A low score means a poorer fit for that group’s needs — not that it’s a bad town. The weights are our editorial judgement of what each group tends to need; the factor values are data.
What 0%, 50% and 100% mean for each factor
The 0–1 factor scores in step 1 aren’t arbitrary — each has a fixed rule. Here’s what full marks, half marks and zero mean for the main factors:
| Factor | 100% | 50% | 0% |
|---|---|---|---|
| Daily shopping (supermarket) | within 1 km | about 3 km | 5 km or more |
| Healthcare (nearest of GP / pharmacy / hospital) | GP within 2 km (or pharmacy 1 km, hospital 5 km) | GP about 6 km | GP 10 km+ (and others far) |
| Schools | within 1 km | about 4.5 km | 8 km or more |
| Public transport (train) | station within 2 km | about 6 km | 10 km or more |
| Airport access | within 40 km | about 80 km | 120 km or more |
| Nature / coast (beach) | within 5 km | about 22 km | 40 km or more |
| Dining & social (restaurants + cafés ≤5 km) | 20 or more | about 10 | none mapped |
| Quiet / low density | under 2,000 people | ≈10–50k → 0.4 | over 50,000 → 0.2 (never 0) |
| Population trend | growing +5% or more | about −10% | shrinking −25%+ → 0.1 |
| Climate, air, hazard-safety, car-free | ideal (mild / clean / safe / walkable) | middling | harsh / polluted / exposed |
Distance factors fade linearly between the two thresholds. A few factors have a floor (e.g. a large town still scores 0.2 for “quiet,” not 0) so they’re never treated as absolute zeros. Data-backed factors (climate, air, hazard safety, car-free) arrive already scored 0–1 by their own models.
Every audience’s weights
The full weight vector for each audience, exactly as the scorer uses it. Higher = matters more to that group. Anything not listed isn’t counted for that audience.

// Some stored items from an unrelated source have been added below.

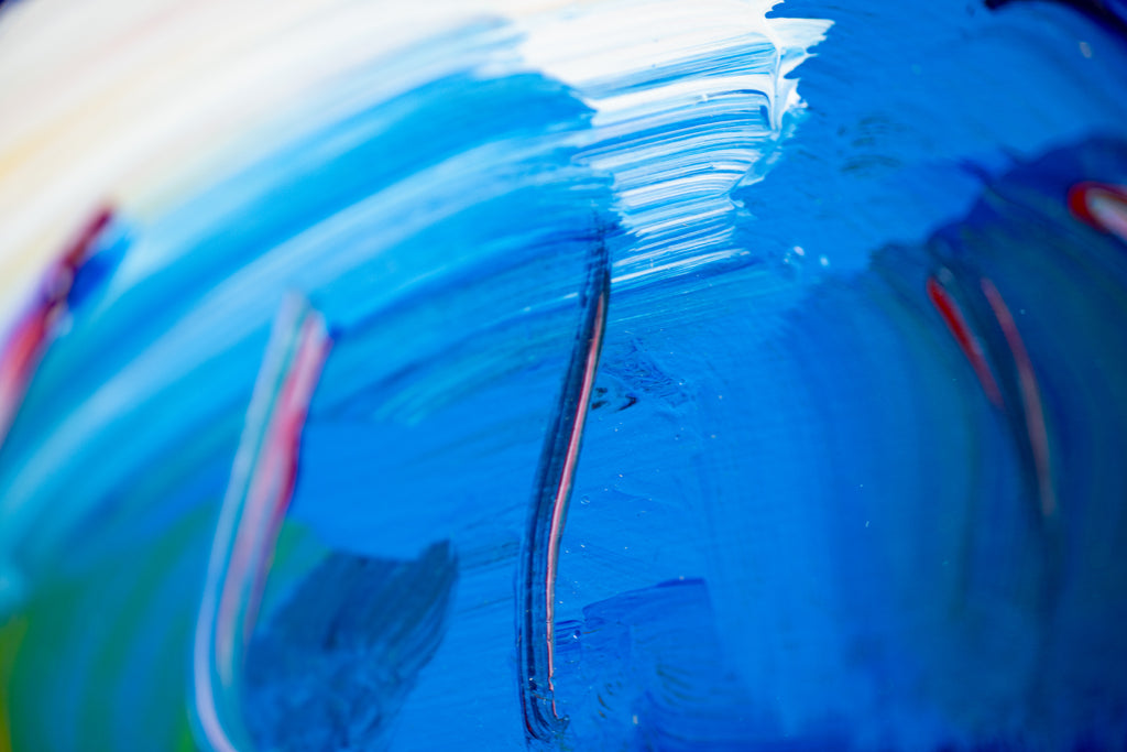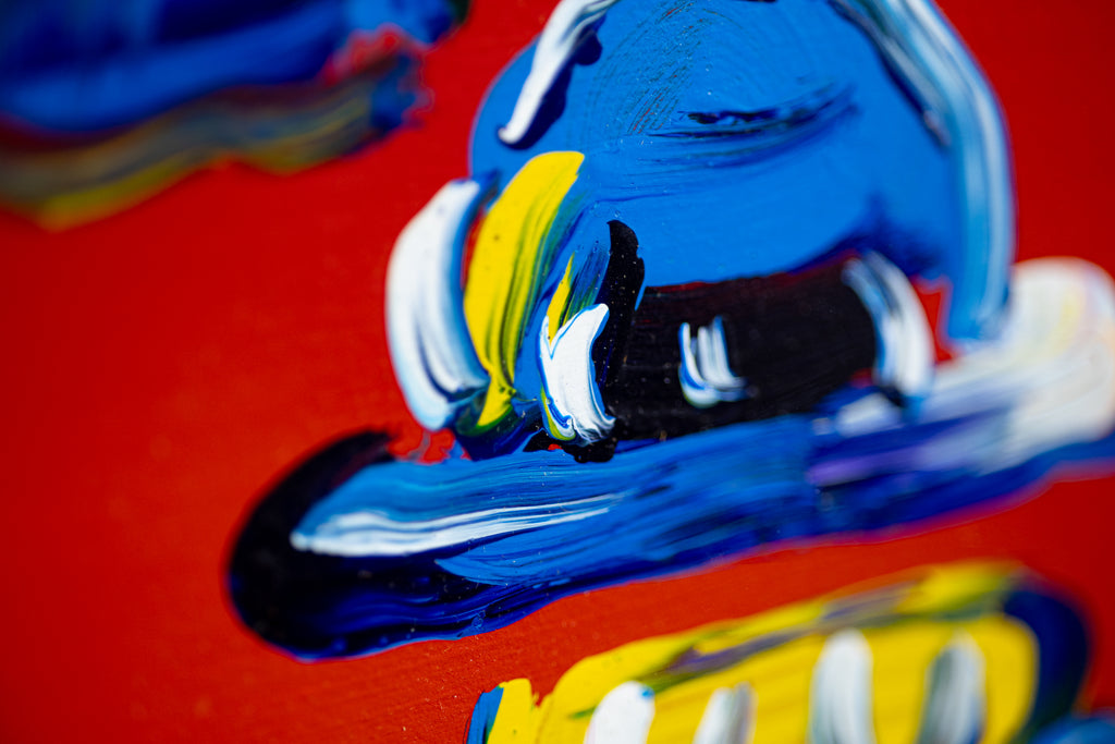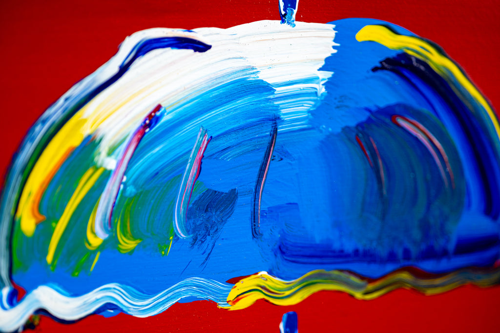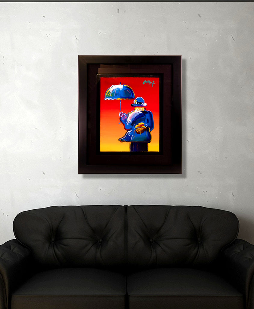 Peter Max's "Umbrella Man on Red" (v. III #38), represents one of the artist's most enduring motifs, the silhouetted figure carrying an umbrella. First introduced in the late 1970s, the Umbrella Man became a recurring emblem within Max's oeuvre, symbolizing both anonymity and universality in the modern urban experience. In this 2015 original acrylic painting, the figure is rendered in deep blue, a striking counterpoint to the luminous background of red, yellow, and orange that evokes a glowing sunset.
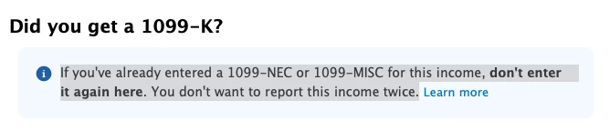 Uber sent me the 1099-NEC and 1099-K. The form shows "If you've already entered a 1099-NEC or 1099-MISC for this income, don't enter it again here. You don't want to report this income twice." So, for doing Uber do I need to enter 1099-K or not?
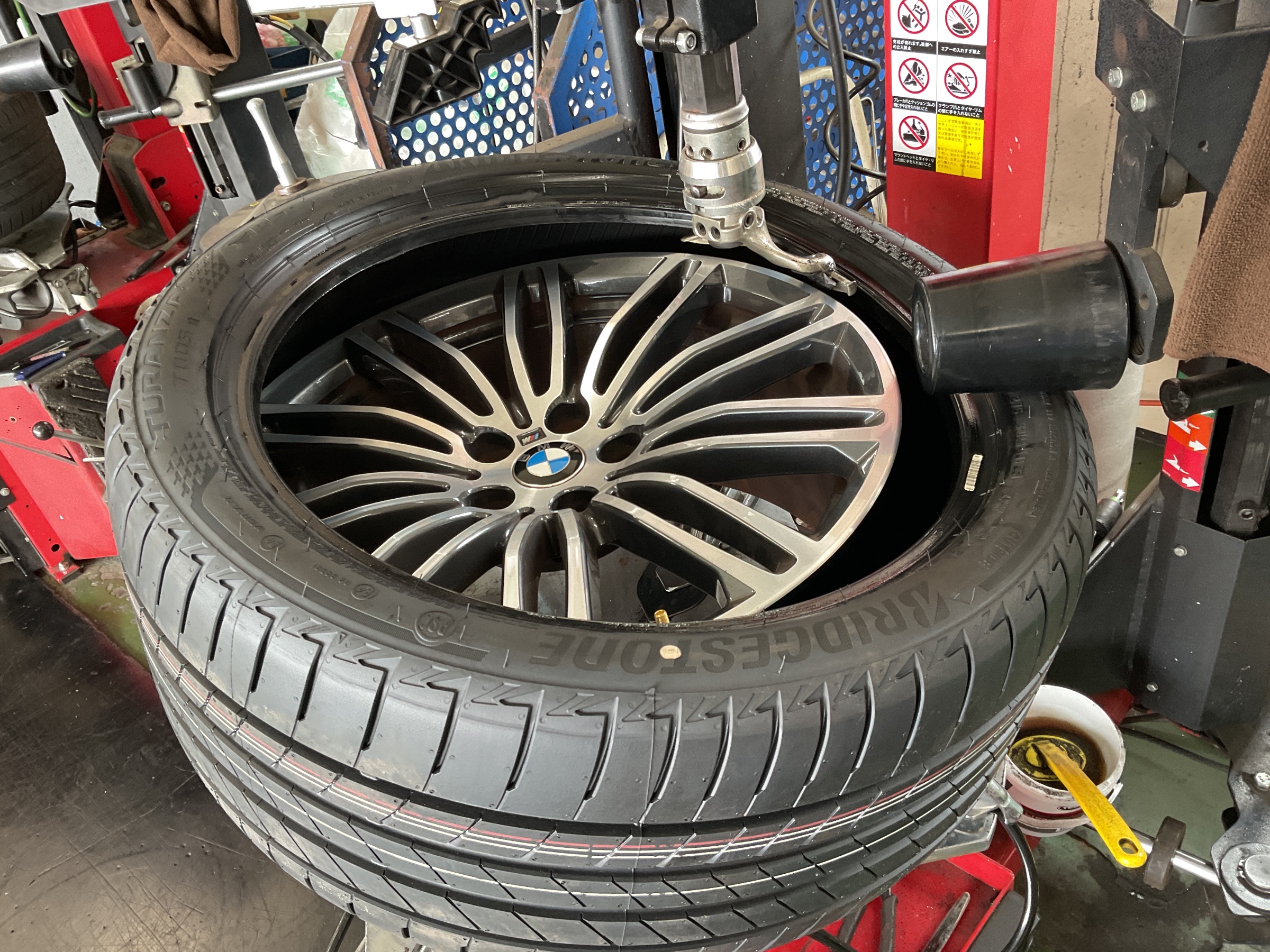 作業はタイヤ交換、窒素ガス充填、ホイールバランス調整の順に行います。
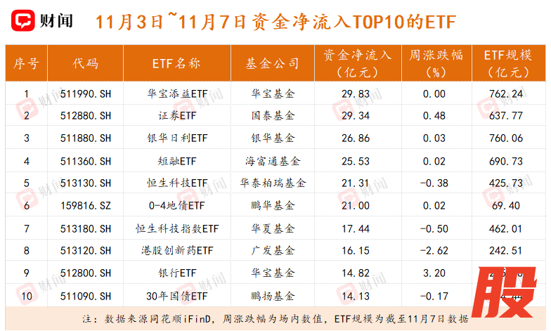四季度以来,银行板块持续反弹态势,截至11月7日收盘,中证银行指数四季度以来的涨幅达到7.34%;上周(11月3日至11月7日),中证银行指数涨幅为2.83%。伴随着银行板块估值修复和资金的青睐,银行ETF(512800.SH)单周规模增长超20亿元。

Retiree / Pensioner Calm, affordable retirement.
Remote worker / Digital nomad Works online; needs connectivity.
Family with children Schools and safety first.
Student Transport, affordability, social life.
Expat / International mover Community and ease of integration.
Seasonal / project worker Here for a season or a project.
Property investor Value/yield; cares about trajectory.
Culture & lifestyle seeker Art, events, festivals, things to do.
A worked example: Albugnano for a retiree
A real town and the live retiree weights, end to end. Albugnano has data for 9 of the retiree’s 12 factors.
| Factor | Value | Weight | Value × weight | From |
|---|---|---|---|---|
| Healthcare access | 0.82 | 1.0 | 0.820 | doctor 3.4 km, pharmacy 3.2 km |
| Quiet / low density | 1.00 | 0.8 | 0.800 | population 525 |
| Hazard safety | 1.00 | 0.7 | 0.700 | 0 quakes / 20 yrs |
| Air & water quality | 0.87 | 0.7 | 0.609 | PM2.5 9.2 µg/m³ |
| Climate comfort | 0.55 | 0.9 | 0.495 | mean 12.0 °C |
| Daily shopping | 0.68 | 0.7 | 0.476 | supermarket 2.3 km |
| Public transport | 0.28 | 0.5 | 0.140 | train 7.8 km |
| Car-free viability | 0.20 | 0.6 | 0.120 | car essential |
| Community vitality | 0.22 | 0.3 | 0.066 | 4 births vs 12 deaths |
| Totals (factors with data) | 6.2 | 4.226 |
No data for: Cost of living, Safety, Culture & events— excluded, not scored 0.
coverage = 9 / 12 = 0.75
score = 5 + ( 6.8 − 5 ) × 0.75 = 6.4 / 10
The raw 6.8 is pulled down to 6.4because a quarter of the retiree’s factors had no data — the score stays honest about how much it rests on. This is exactly the breakdown you can open under “who this town suits” on the Albugnano page.
Check it yourself
Because every figure is public and dated, you can verify any of it: each town page names its sources, and the links above go straight to them. The data pipeline is code working from these open sources, so the numbers are in principle re-derivable from scratch — “don’t take our word for it” is the point. If you ever find a figure that looks wrong, it usually means the underlying public source needs updating (and on OpenStreetMap, anyone — including you — can fix it).
Borgo Data provides information, not professional advice. For a specific purchase, confirm the details that matter with the comune and a qualified Italian lawyer.